6
$\begingroup$

Does the series $\sum_{n=2}^{\infty}\frac{\ln n}{n^2}$ converge?

I'm searching for a solution that does not use the Integral test, Stirling, L’Hôpital or functions theorems.

I tried ratio test, and also comparing it to another series.

Thank you very much.

  • 0
    Since $\int \frac{\ln x}{x^2} \, dx = C-\frac{1+\ln x}{x}$ you can get an approximation by adding up $n$ initial terms plus a adjustment of about $\frac{1+\ln n}{n}$ to give a series sum of about $0.937548$2017-10-30

3 Answers 3

15

You can show that $\ln n\leq \sqrt n$ if $n$ is large enough. Now you can readily deduce that the series converges.

7

You can use the condensation test for series whose terms are positive and weakly decreasing.

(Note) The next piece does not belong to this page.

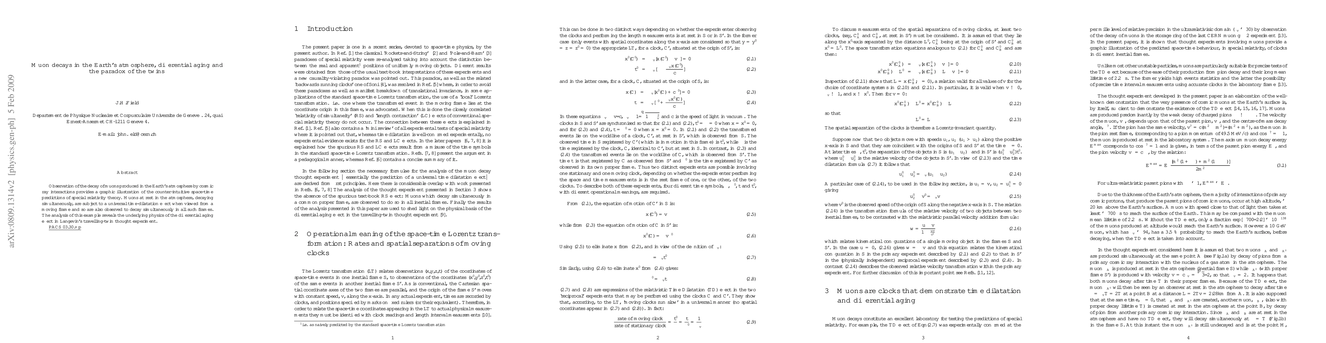 Observation of the decay of muons produced in the Earth's atmosphere by cosmic ray interactions provides a graphic illustration of the counter-intuitive space-time predictions of special relativity theory. Muons at rest in the atmosphere, decaying simultaneously, are subject to a universal time-dilatation effect when viewed from a moving frame and so are also observed to decay simultaneously in all such frames. The analysis of this example reveals the underlying physics of the differential aging effect in Langevin's travelling-twin thought experiment.

You replace the sum $\sum_n a_n$ by $\sum_k 2^k a_{2^k}$ and check that it converges.

Edited to add details:

$\sum_{n=1}^{\infty}\frac{\ln n}{n^2} \longrightarrow \sum_{k=0}^{\infty}2^k \frac{\ln 2^k}{2^{2k}}=\sum_{k=0}^{\infty}\frac{k \ln 2}{2^k}$

The last sum converges by the ratio test, or by identifying it as the derivative of a geometric series evaluated at $q=1/2$.

  • 0
    $2^ka_{2^k}=\frac{k\ln 2}{4^k}$ and the ratio test shows that $\sum_k2^ka_{2^k}$ converges.2011-04-21
3

Here is a different style of answer, which may be useful to some.

$\zeta(s)=\sum_{n=1}^\infty n^{-s}$, the Riemann zeta function, is analytic on $\Re(s)>1$. This is because on any half plane $\Re(s)>1+\epsilon$, it is a uniformely convergent series of analytic functions. Its derivative, $\zeta^{'}(s)=-\sum_{n=1}^\infty \log n n^{-s}$ then also converges on all of $\Re(s)>1$. Now, notice that your sum is $-\zeta^{'}(2).$